Effect of strain rate on compressive behavior and deformation mechanism of CoCrNi medium entropy alloy fabricated via cold spray additive manufacturing

The equiatomic CoCrNi medium entropy alloy (MEA) has shown better mechanical properties than many MEAs and high entropy alloys (HEAs) at room temperatures. However, the mechanical behaviors and deformation mechanisms of CoCrNi MEAs have yet to be studied, especially at different strain rates. In this study, cold spray additive manufacturing (CSAM) was applied to fabricate freestanding CoCrNi deposits. The investigation of compressive behaviors and deformation mechanisms were studied at a low-strain rate of 0.001 s⁻¹ and at a high strain rate ranging from 2300 s⁻¹to 4200 s⁻¹. The as-fabricated sample exhibited refined grains, unfused powders, and large porosity, resulting in limited metallurgical bonding within the bulk CoCrNi deposit and deformed particle interface.
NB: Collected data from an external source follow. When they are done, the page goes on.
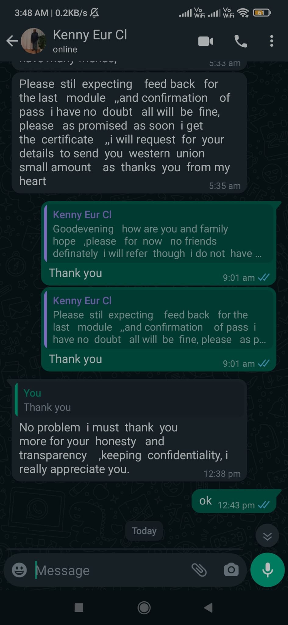 Real feedback from a PhD scholar after successful thesis submission.
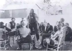 Buffalo Bill treated Native American employees as equals with white cowboys. Wild Westers received good wages, transportation, housing, abundant food and gifts of clothing and cash from Buffalo Bill at the end of each season. Wild Westers were employed as performers, interpreters and recruiters. Men had money in their pockets and for their families on the reservation. Female performers were paid extra for infants and children and supplemented wages by making and selling Lakota crafts.[34] Shows hired venerable elder male Indians to appear in the parades to ensure that young men acted with consideration and politeness when visiting host communities, and rules were self-policed by traditional Oglala Lakota chiefs and former U.S. Army Indian Scouts.[35] Known as "Show Indians", Oglala Wild Westers referred to themselves as "Oskate Wicasa" or "Show Man", a title of great honor and respect.[36] Since 1887, Wild Westing has been family tradition with several hundred Pine Ridge families, and the tradition of the Wild Wester community is not unlike the tradition of circus families and communities. American Horse's sons Ben American Horse and Samuel American Horse were Carlisle Wild Westers and interpreters.[37][38]
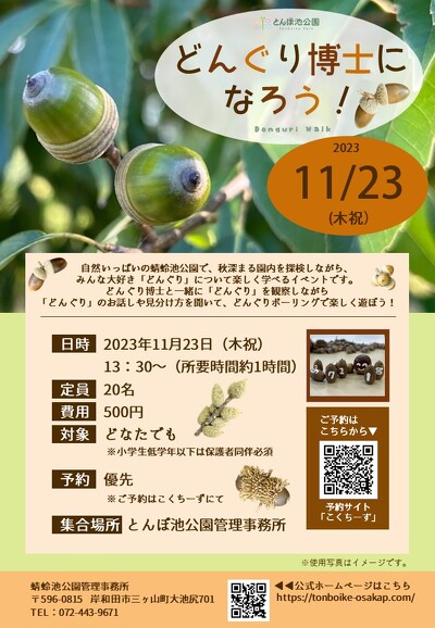 どんぐり博士になろう! 2023年11月23日(大阪府): 園内を探検して、どんぐりを楽しく遊びながら学ぼう! - こくちーずプロを使えば、驚くほど簡単で安全なイベントの告知・集客ができます。...
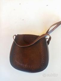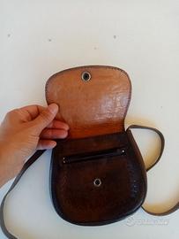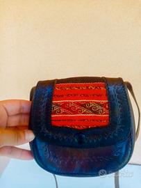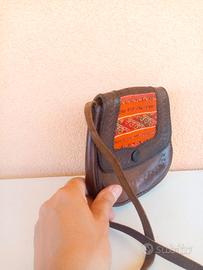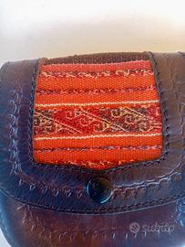 piccola borsa in pelle decorata con particolare in stoffa arancione. con cerniera interna tenuta bene
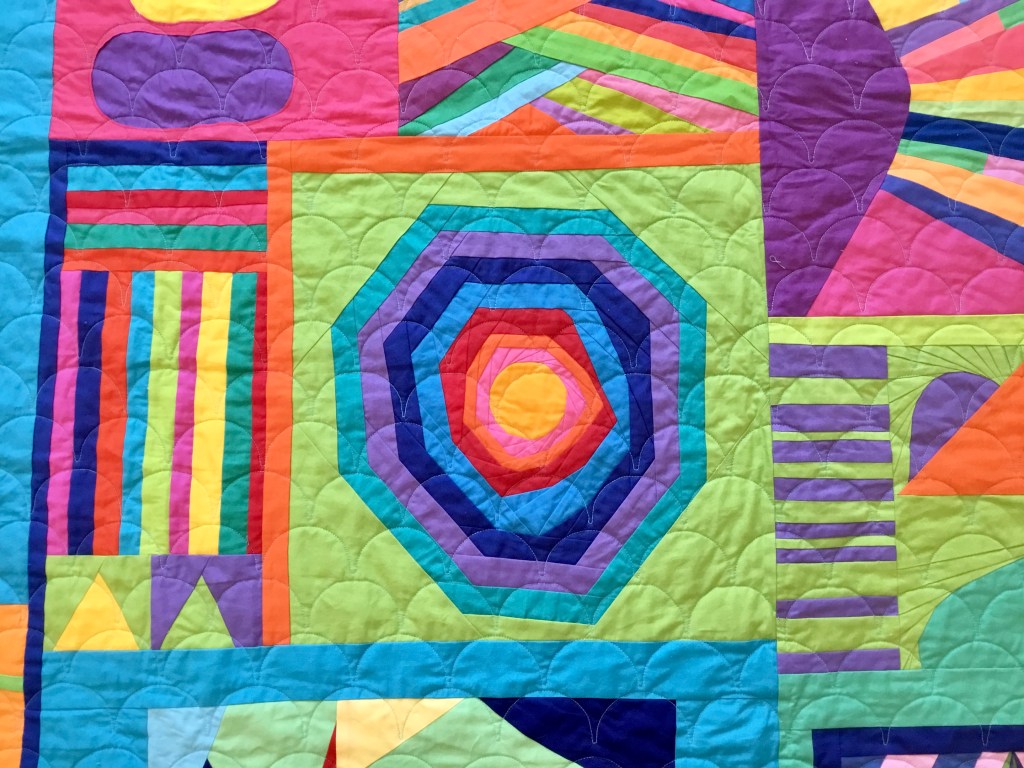 So, this quilt holds many blocks made by Mt. Battie Modern Quilt Guild members who are participating in this challenge. I really enjoy the creative work of trying to make the blocks all “fit” into a coherent presentation.
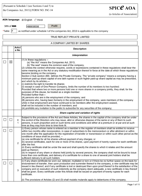 e-Articles of Association
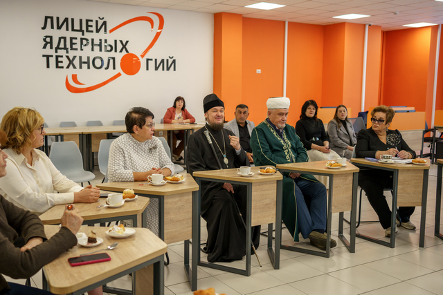 С приветственным словом к участникам заседания обратилась директор Лицея ядерных технологий Ирина Астраханцева, положительно отметив, что лицей стал площадкой для диалога и обсуждения важных тем, таких как межнациональные отношения, сохранение межконфессионального мира, роль религиозных организаций в укреплении духовно-нравственных ценностей, а также патриотическое воспитание подрастающего поколения. Ирина Владимировна познакомила с историей создания образовательного учреждения и отметила, что в январе 2024 года лицей стал базовой школой при ФГАОУ ВО «Национальный Исследовательский Ядерный Университет «МИФИ», отвечающий всем требованиям современного времени. В настоящее время лицей полностью укомплектован кадрами, среди них заслуженные учителя, профессора вузов, молодые преподаватели.
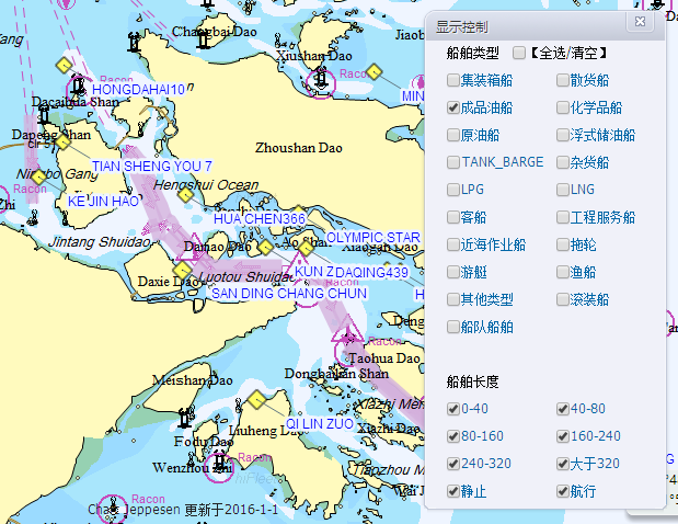 全球海图数据来源于挪威Jeppesen C-Map Professional,每周更新。
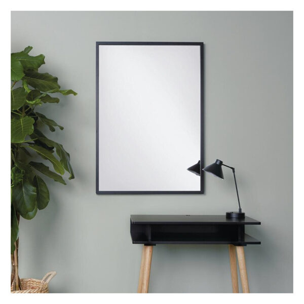 Magnifying side with FALSE x magnification.Rectangular.Wood frame.Glass mirror.Wall mounted mirror.RefurbishedHabitat Dark Birch 70 x 100cm/28 x 39in Rectangular Wall Mirror – Black DescriptionThe Italian-made large dark birch black 70 x 100cm rectangular wall mirror is a classic design with a deep, square profile.The rectangular mirror can be hung horizontally or vertically above a fireplace or in a hallway.Size H104, W74, D4.5cm.Magnifying side with FALSE x magnification.Rectangular.Wood frame.Glass mirror.Wall mounted mirror.Can be hung horizontally or vertically.5.6kg.Fixings are not included.FeaturesColour:BlackType:Wall MirrorShape:SquareMounting:Free StandingMaterial:WoodFrame:With FrameProduct TagsWall Mirror
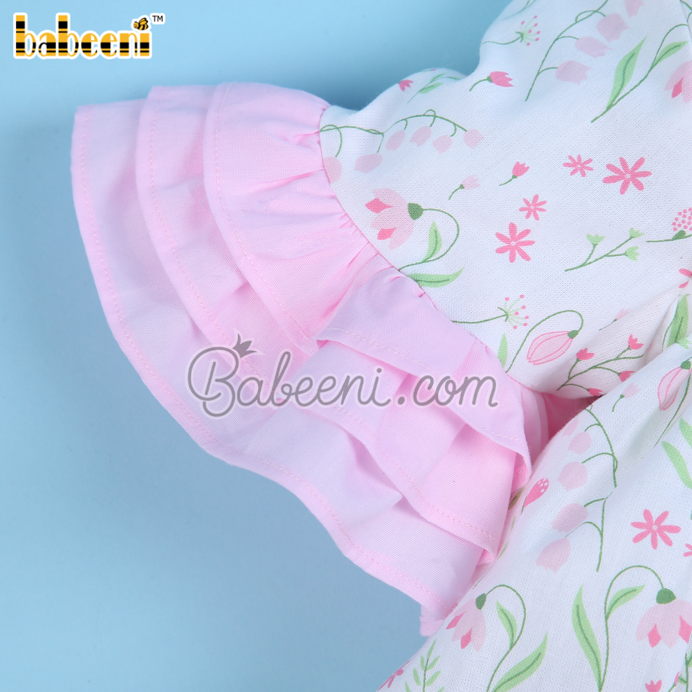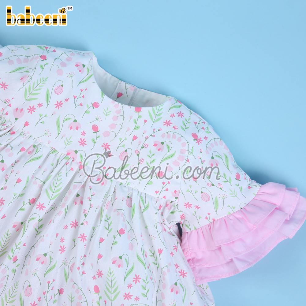 Features: Lovely two piece set for little girls with lily floral printed on fabric, ruffles on sleeves & bottom, short sleeves. Perfect for spring summer. Best gifts for birthday or special days.
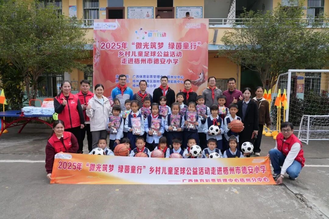 微光汇聚,筑梦同行。2025年12月,由广西体彩梧州分中心主办、梧州市万秀区新时代文明实践中心协办的“微光筑梦 绿茵童行”乡村儿童足球公益活动,在梧州市德安小学温情启幕。梧州市万秀区委宣传部、梧州市万秀区教师发展中心、夏郢镇教育党委、夏郢中心小学等单位相关人员,以及梧州体彩实体店的爱心代销者们齐聚校园,共同出席了捐赠仪式,见证了这份爱心的传递。这是一场传递爱心的公益盛会,更是一次为乡村孩童运动梦想赋能的暖心之约。
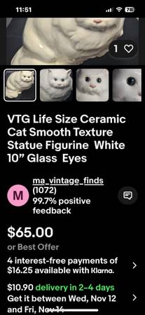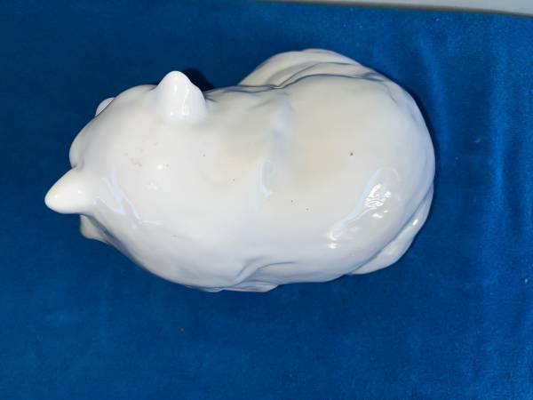 The VTG Life Size Ceramic Cat Smooth Texture Statue Figurine in white with 11”glass eyes is a meticulously crafted collectible piece that captures the essence of a cat with its smooth texture and lifelike features. Made from ceramic or porcelain, this statue figurine exudes a sense of elegance and charm, making it a perfect addition to any cat lover's collection. With its United States craftsmanship, this figurine showcases the artistry and attention to detail that collectors appreciate in unique and distinctive pieces.
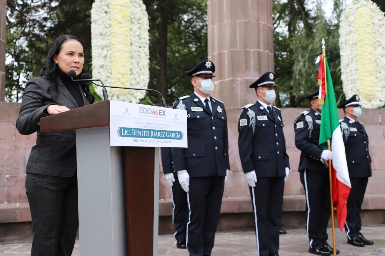 En el Hemiciclo a Juárez, en la ciudad de Toluca, Alejandra Del Moral destacó que los mexiquenses conmemoran a Benito Juárez con unidad, paz, siendo leales a México y a sus instituciones, unidos bajo los principios de liberalismo social y político, estado laico y democrático, República federal, sociedad secular con libertad de conciencia, de expresión y de asociación.
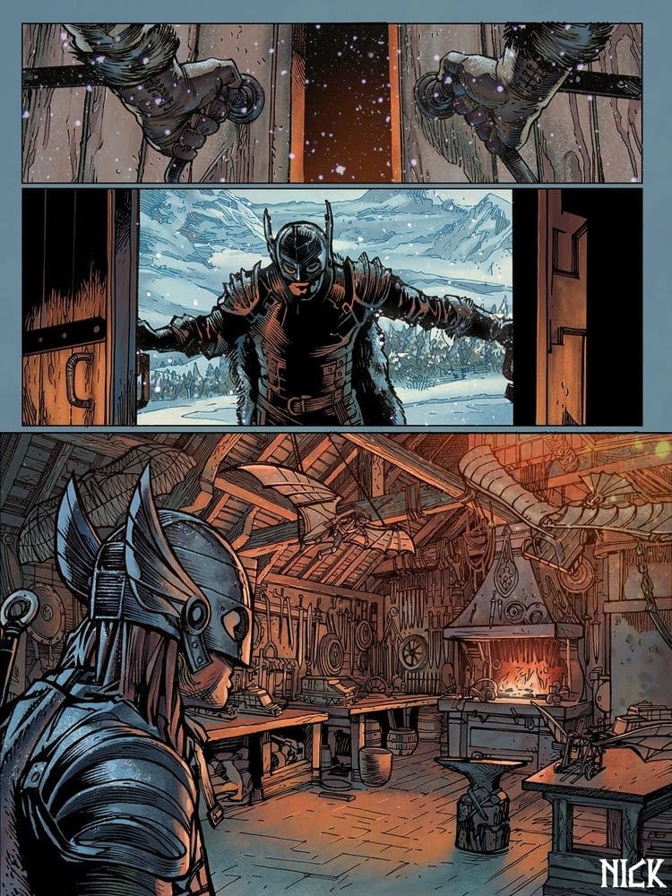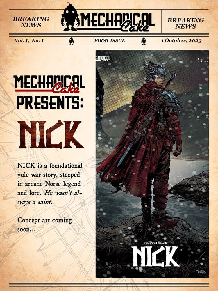 Nick is a foundational Yule war story, steeped within the arcane Norse legends, a very Viking version of Santa Claus. Mechanical Cake is a new comic publisher with Dave Elliott as Publisher/Editor in Chief, Jesse Negron as CEO, and Ridley Scott and comic book artists Bill Sienkiewicz, Chris Weston, Dan Panosian, Brian Rood, and Hendry Prasetya creating three series of graphic novels, Modville, Hyde, and Nick.
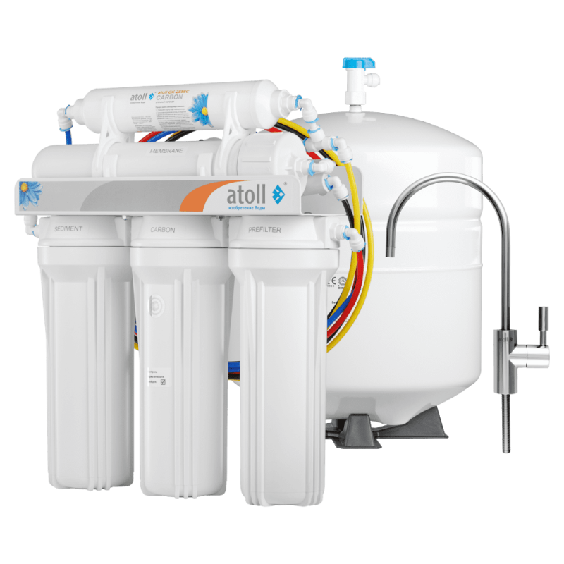 Обратноосмотическая система Атолл A-550 STDA удаляет из воды до 100 процентов загрязнений, в том числе соли жесткости (это основная причина появления накипи в чайнике и на других приборах), а также бактерии, микробы. Модель является высокопроизводительной — 120 литров за 24 часа. Фильтрация осуществляется без применения химических веществ: вода очищается благодаря специальной мембране из полупроницаемого материала, пропускающего только воздух и молекулы воды.
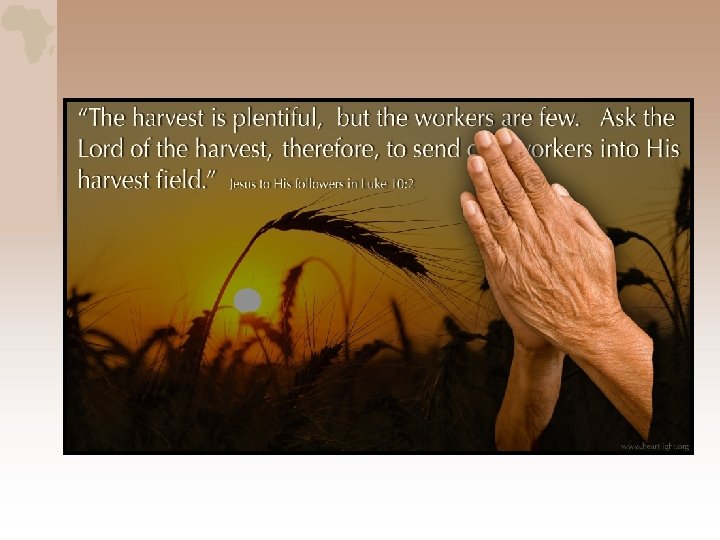 • Jesus went throughout all the towns and villages, teaching in their synagogues, and preaching the gospel of the kingdom, and healing every disease and all sickness. • When he saw the crowds he was moved with compassion for them, because they were harassed and helpless life sheep without a shepherd. • Then he said to his disciples, “The harvest indeed is plentiful but the workers few. • Ask the Lord of the harvest, therefore to send out workers into his harvest field. ” • Mt 9: 35 -38
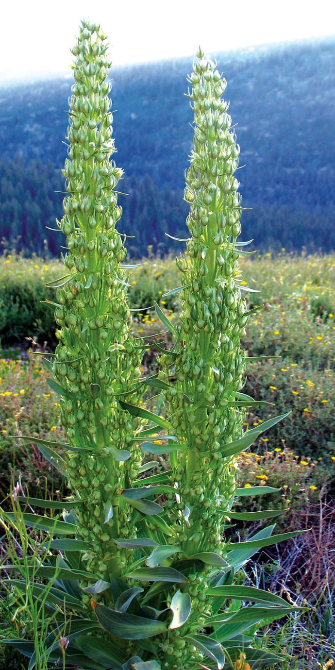 Green Cross Gentian has a gesture that soars towards the sky, like a tall column or obelisk, reaching over 2 meters in height. Stature is precisely one of its notable characteristics, climbing high into the blue alpine sky in the Sierra Nevada mountains. The leaves and flowers have a conical shape, with green flowers that face outward, strongly attached to a vertical stem. Each flower has four petals that are like compasses indicating the four directions, the four seasons, the four elements within the larger Being of Nature.
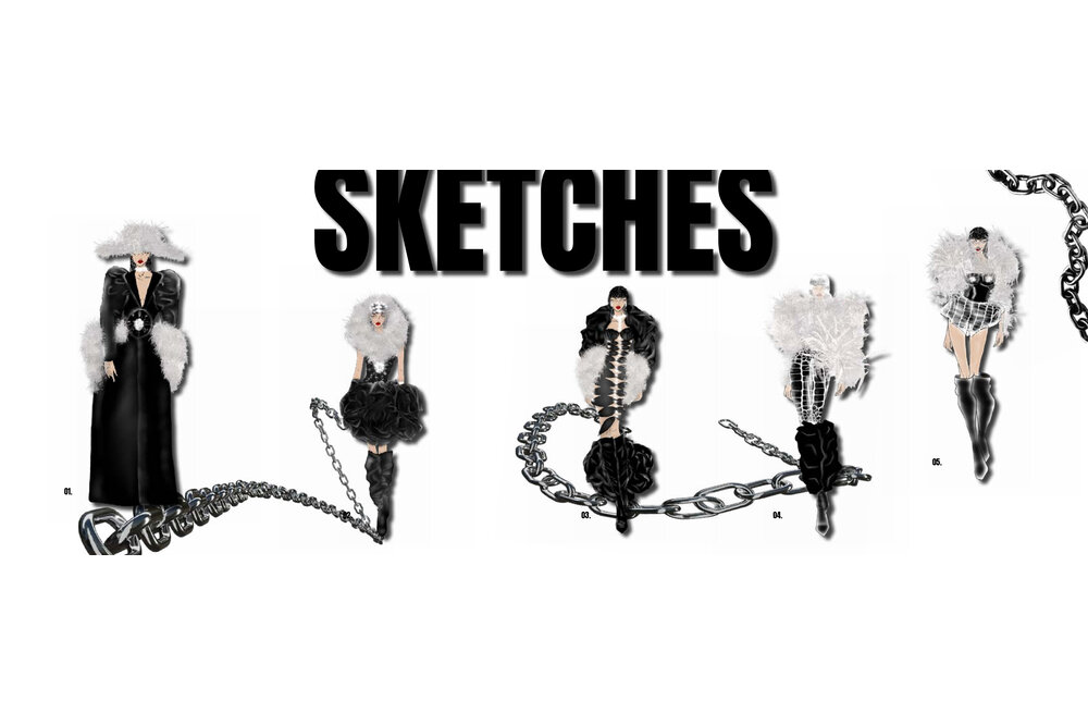 Da questa visione nasce una collezione che è dichiarazione pura: volumi scultorei, silhouette esagerate, superfici luminose che catturano lo sguardo. A dominare, il nero, non come assenza, ma come presenza potente.
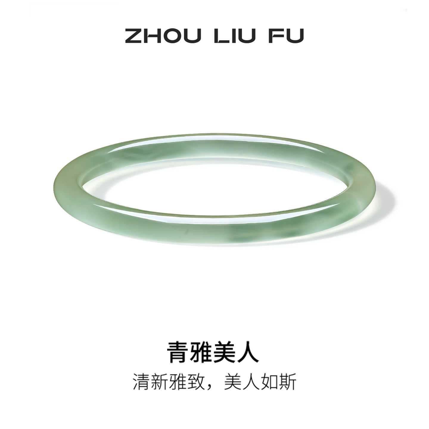 📚 周六福果绿玉髓手镯圆条叮当镯新中式国风女神节礼物送妈妈
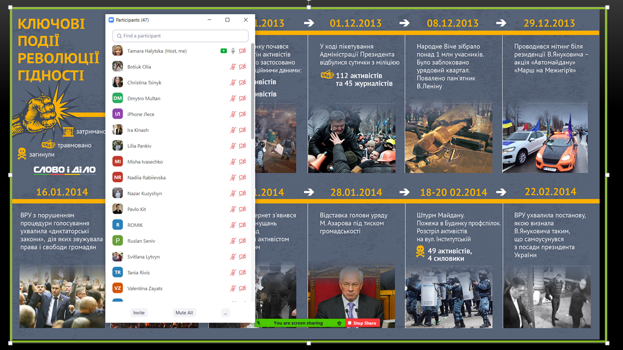 19 лютого 2021 р. відбувся онлайн-вечір «Рабів до раю не пускають», присвячений вшануванню пам’яті героїв Небесної Сотні. Студенти Факультету історії, політології і міжнародних відносин, учні старших класів Католицького ліцею ім. Святого Василія Великого та заступник декана Факультету, кандидат історичних наук, доцент кафедри історії України і методики викладання історії Тамара Галицька-Дідух говорили про причини Революції, її перебіг, згадували подвиг Героїв Небесної Сотні. Зауважували про важливість пам’яті про події Революції Гідності, особливо зараз, коли в Україні продовжує тривати гібридна війна. Це досвід нашої перемоги у вкрай несприятливих для нас обставинах. Обговорювали цінності, які відстоювали на Майдані, і за які продовжили боротися випускники і студенти нашого Факультету на Сході України.
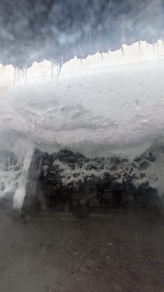 お部屋からは雪壁ビュー😭 これで2階。ま、しゃーない。

Therefore, post-heat treatment at 1350 °C was applied to improve the interparticle bonding and strengthen the as-fabricated CoCrNi deposits. As expected, the annealed deposit significantly improved the ultimate compressive strength (UCS) and strain elongation of the as-fabricated deposits from ∼90 MPa and ∼5% to ∼1400 MPa, and ∼70% at a strain rate of 0.001 s⁻¹. Besides, the annealed samples showed improvement twofold in UCS and ductility of the as-fabricated deposits from ∼67 MPa and ∼8.6% to ∼1266 MPa and ∼34% at a strain rate of 4200 s⁻¹ and 3800 s⁻¹ respectively. The TEM image of the annealed CoCrNi sample showed deformation twining, nano twins, planar slips, and microbands, which are the dominant deformation mechanisms that help to promote the plasticity and the work hardening behavior of this alloy. This work validates the compressive behavior and deformation mechanism of cold-sprayed CoCrNi MEA associated with post-heat treatment at different strain rates.